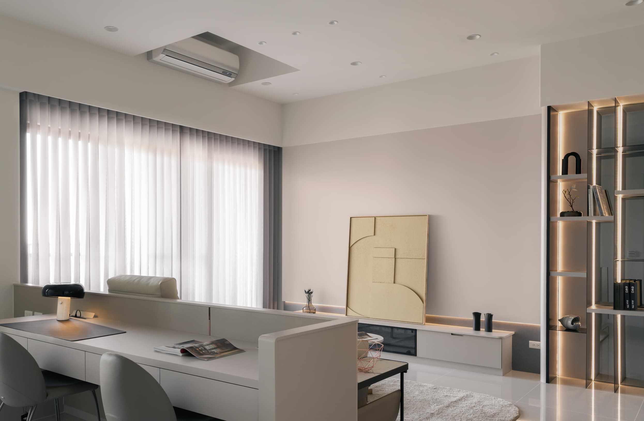 當客廳與後方書房共存於同一軸線時,簡約設計的重點在於「界線清楚、視覺連續」。以統一色系與材質延伸兩個空間的背景,或用透明玻璃、半矮隔屏等「輕盈隔間」的效果,能讓客廳與書房(或其它多功能空間)自然串接,而不會彼此干擾。當功能區域被巧妙分工、視覺維持乾淨留白時,即使是複合空間,也能兼具簡約的美感與實用性。
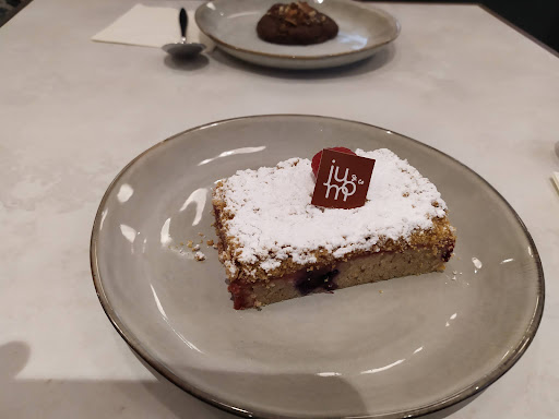 Ce fut vraiment une énorme déception : nous avions réservé et annoncé la présence de deux chiens, et on nous a installés à une mini-table juste à l'entrée, alors qu'il y avait d'autres tables plus confortables pour nous qui sont restées libres. La décoration est spartiate et inconfortable, l'ambiance froide, et on vous présente d'abord une carte des boissons très complète, notamment des vins, mais on vous cache la carte des plats. On vous demande ensuite si vous savez ce que signifie le mot BRUNCH, et ce qui vous est servi sous ce nom n'est même pas un petit-déjeuner correct. La carte des vins devient alors plus que superflue. En fait, un brunch devrait être un mélange entre le petit-déjeuner et le déjeuner, généralement servi sous forme de buffet, car les préférences des clients varient considérablement, surtout au petit-déjeuner. Ici, on sert à table, à prendre ou à laisser, une quantité énorme de nourriture rassasiante, du pain, des brioches au caramel, un énorme croissant au fromage et au jambon qui suffirait déjà comme déjeuner, accompagné de fromage râpé très fin d'origine inconnue avec de la croûte et du jambon séché sur les bords, du jus d'orange en bouteille et une (1) boisson chaude par personne. Il faisait froid comme dans une chambre froide, et lorsque j'ai demandé à ce que la climatisation soit éteinte, elle a été réglée à 21,5 degrés au lieu de 21, sous les protestations du personnel. Nous en avons eu assez, nous avons renoncé à continuer à nous restaurer, et le maître d'hôtel nous a facturé sans autre forme de procès le prix total de 58 euros. Il en aura bien besoin. Cela nous a gâché tout le dimanche, et on se demande après coup s'il s'agissait d'une tentative d'agression physique ou d'une pure...
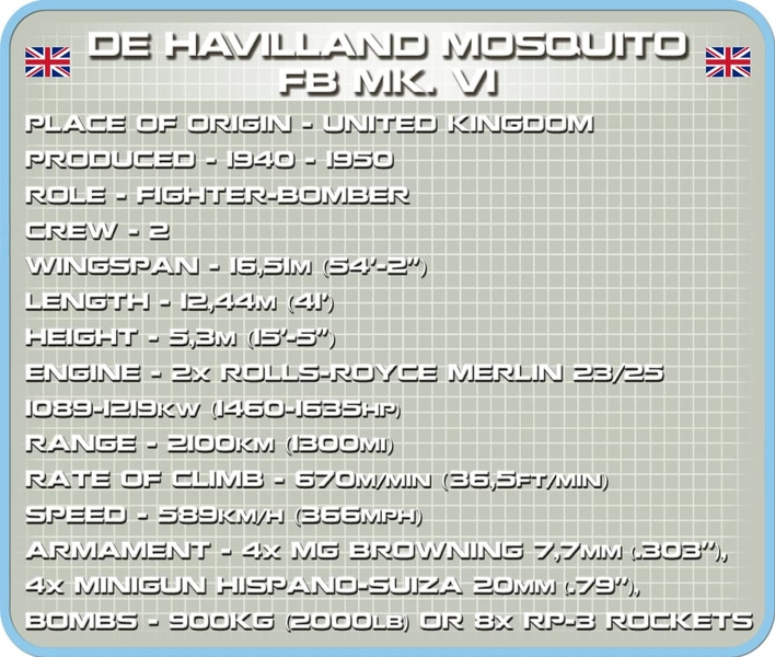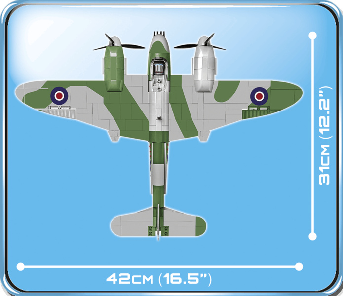 Postavte si víceúčelový britský letoun De Havilland Mosquito z druhé světové války. Model o délce 31 cm a rozpětí křídel 42 cm disponuje sklopným podvozkem a dalšími pohyblivými částmi. Stavebnice obsahuje 452 kostek a figurku britského pilota.

**Exercise instructions**
What you give back must match the material word for word, with no images included.

**Task answer**
 當客廳與後方書房共存於同一軸線時,簡約設計的重點在於「界線清楚、視覺連續」。以統一色系與材質延伸兩個空間的背景,或用透明玻璃、半矮隔屏等「輕盈隔間」的效果,能讓客廳與書房(或其它多功能空間)自然串接,而不會彼此干擾。當功能區域被巧妙分工、視覺維持乾淨留白時,即使是複合空間,也能兼具簡約的美感與實用性。
 Ce fut vraiment une énorme déception : nous avions réservé et annoncé la présence de deux chiens, et on nous a installés à une mini-table juste à l'entrée, alors qu'il y avait d'autres tables plus confortables pour nous qui sont restées libres. La décoration est spartiate et inconfortable, l'ambiance froide, et on vous présente d'abord une carte des boissons très complète, notamment des vins, mais on vous cache la carte des plats. On vous demande ensuite si vous savez ce que signifie le mot BRUNCH, et ce qui vous est servi sous ce nom n'est même pas un petit-déjeuner correct. La carte des vins devient alors plus que superflue. En fait, un brunch devrait être un mélange entre le petit-déjeuner et le déjeuner, généralement servi sous forme de buffet, car les préférences des clients varient considérablement, surtout au petit-déjeuner. Ici, on sert à table, à prendre ou à laisser, une quantité énorme de nourriture rassasiante, du pain, des brioches au caramel, un énorme croissant au fromage et au jambon qui suffirait déjà comme déjeuner, accompagné de fromage râpé très fin d'origine inconnue avec de la croûte et du jambon séché sur les bords, du jus d'orange en bouteille et une (1) boisson chaude par personne. Il faisait froid comme dans une chambre froide, et lorsque j'ai demandé à ce que la climatisation soit éteinte, elle a été réglée à 21,5 degrés au lieu de 21, sous les protestations du personnel. Nous en avons eu assez, nous avons renoncé à continuer à nous restaurer, et le maître d'hôtel nous a facturé sans autre forme de procès le prix total de 58 euros. Il en aura bien besoin. Cela nous a gâché tout le dimanche, et on se demande après coup s'il s'agissait d'une tentative d'agression physique ou d'une pure...
 Postavte si víceúčelový britský letoun De Havilland Mosquito z druhé světové války. Model o délce 31 cm a rozpětí křídel 42 cm disponuje sklopným podvozkem a dalšími pohyblivými částmi. Stavebnice obsahuje 452 kostek a figurku britského pilota.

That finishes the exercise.